REQUIRED ACTION >> Go through the entries below and say how many lines hold the word "Director". Nothing else is needed.

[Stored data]
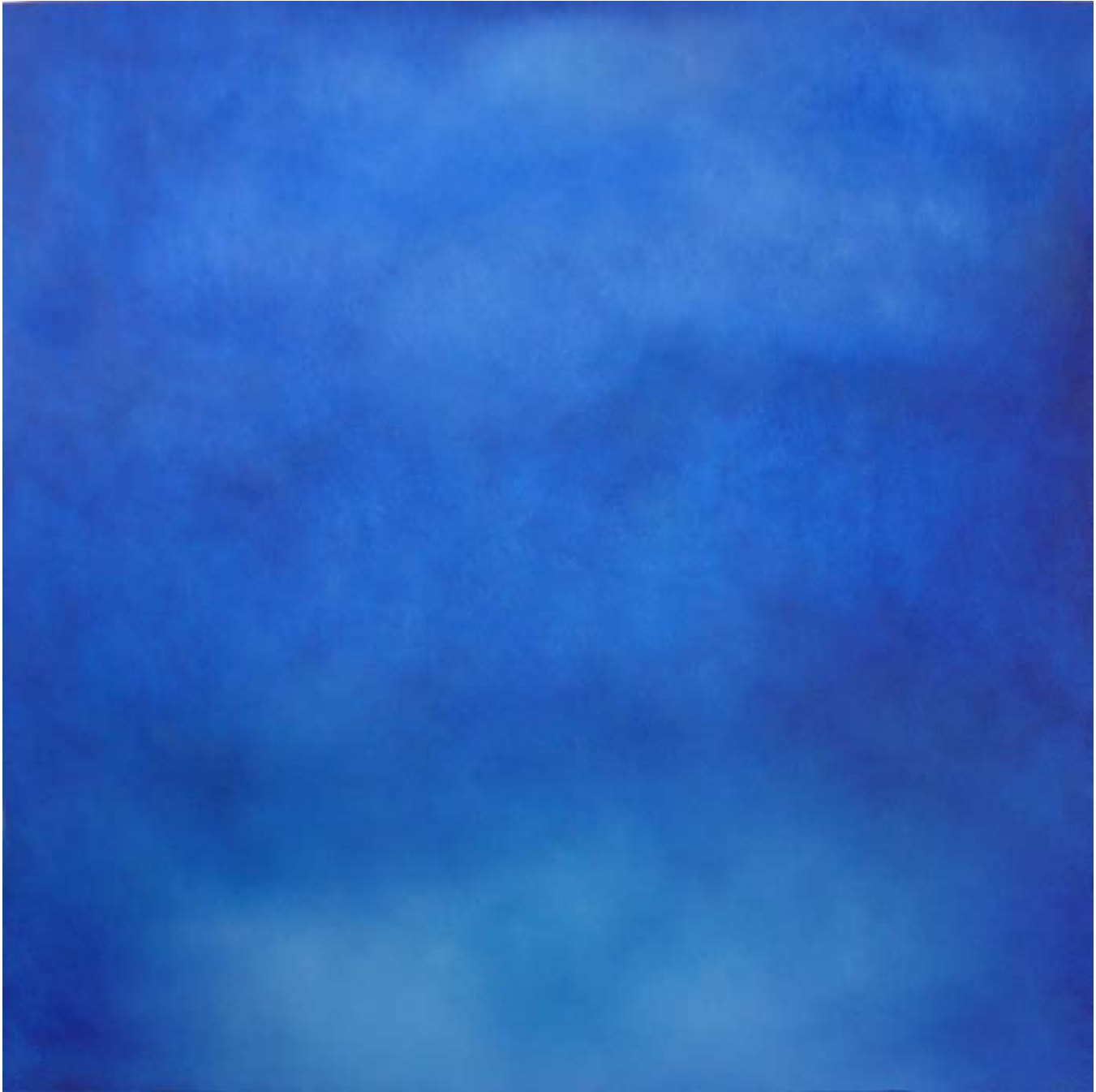
BLUE SILENCE, 2009 oil on canvas 48 x 48 in. 122 x 122 cm.
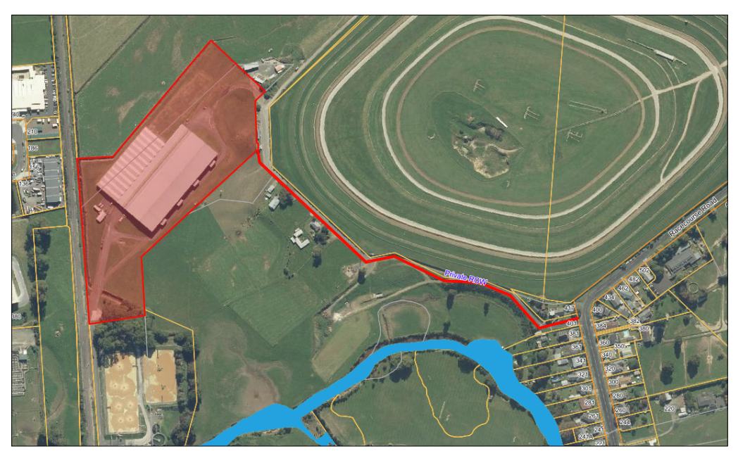
Figure 1: Council's GIS map showing accessway for the adjoining site (highlighted in red) intertwined with subject site

Reasons for request: It's not clear how the other sites that appear to have access to the existing vehicle crossing will be serviced.
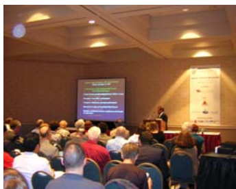
Session at the 2005 Nutrition and Aging Symposium

review program updates at www.americanaging.org/2006.html
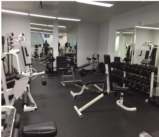
East view of Men's Fitness area

For more information please call the Recreation Director at (480) 384-4066 or the Recreation Assistant at (480) 384-4065.
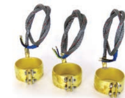
Moisture Proof Band Heater
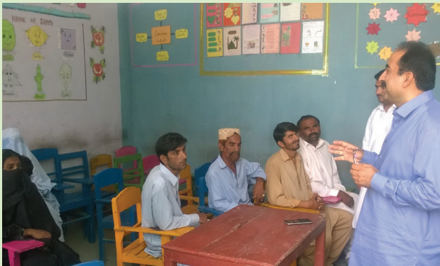
Meeting with Stakeholders Conducted by Deputy Director, Larkana Region

Foundation’s Regional Offices have gradually strengthened in terms of manpower and systems and their interaction with schools for various supporting activities is now beginning to reflect upon school improvements. The Larkana Regional team remained highly proactive especially in terms of improving communication between the stakeholders particularly the School Partners and the Communities. The Region organized a range of mediation sessions on ground to resolve issues which were impeding school progress. Another major progress attained was systematic follow -up on post teachers and head teachers training to facilitate greater role of head teachers in the schools. Continuous visits and liaison with school partners has helped in improving infrastructure; installation of solar systems in schools; improving Student-Teacher ratios and Student-Classroom ratios etc.
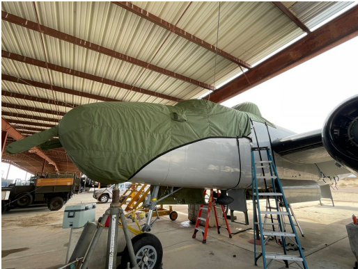
Mitchell B25 Cockpit/Nose Cover, & Turret Cover

This cover type is made from Silver Acrylic Sunbrella canvas and is 100% lined with a soft and smooth microfiber. Bruce's Custom Covers developed this material combination especially for aircraft protection. The outer material is medium weight and treated for water resistance, UV resistance and anti-static buildup. The inner lining is a very soft and smooth microfiber to prevent scratching. The material is very reflective, and tests show that the cabin interior temperature can be reduced to near-ambient temperature on the hottest of days. It is water, ice and snow repellent, yet breathable to allow moisture to escape from between the cover and the aircraft surface.
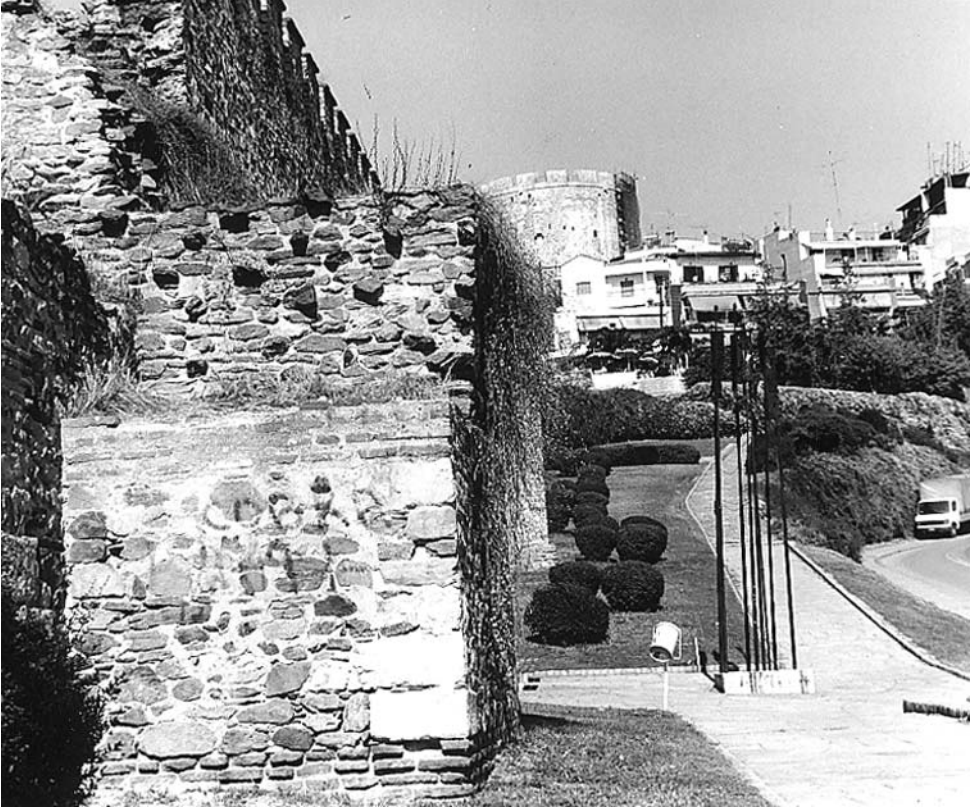
Fig. 2. The E part of the Byzantine Walls of Thessaloniki with Capparis spinosa subsp. spinosa growing on the side of the wall.

part. The greater intact part stands above Ag. Dimitriou Street. The height reaches up to 12 m, and the width ranges between 1.0 and 2.8 m. The style of the masonry varies according to the periods at which the different restorations were carried out. The greater part of the Walls, dating from the early Christian and the Byzantine periods, is constructed either of blocks of greenschist with interposed brick bands or of bricks decorated with rubble (Gounaris 1982). Mortar is mainly composed of lime and silicic materials in proportion of 1: 0.5-1: 2 (Papayanni pers. comm.). The Walls are surrounded by narrow open areas, up to 17 m from each side, which are either planted with a few species of ornamental trees and shrubs or are covered with spontaneous vegetation (Fig. 1-2).

WRITTEN ANSWER >> 2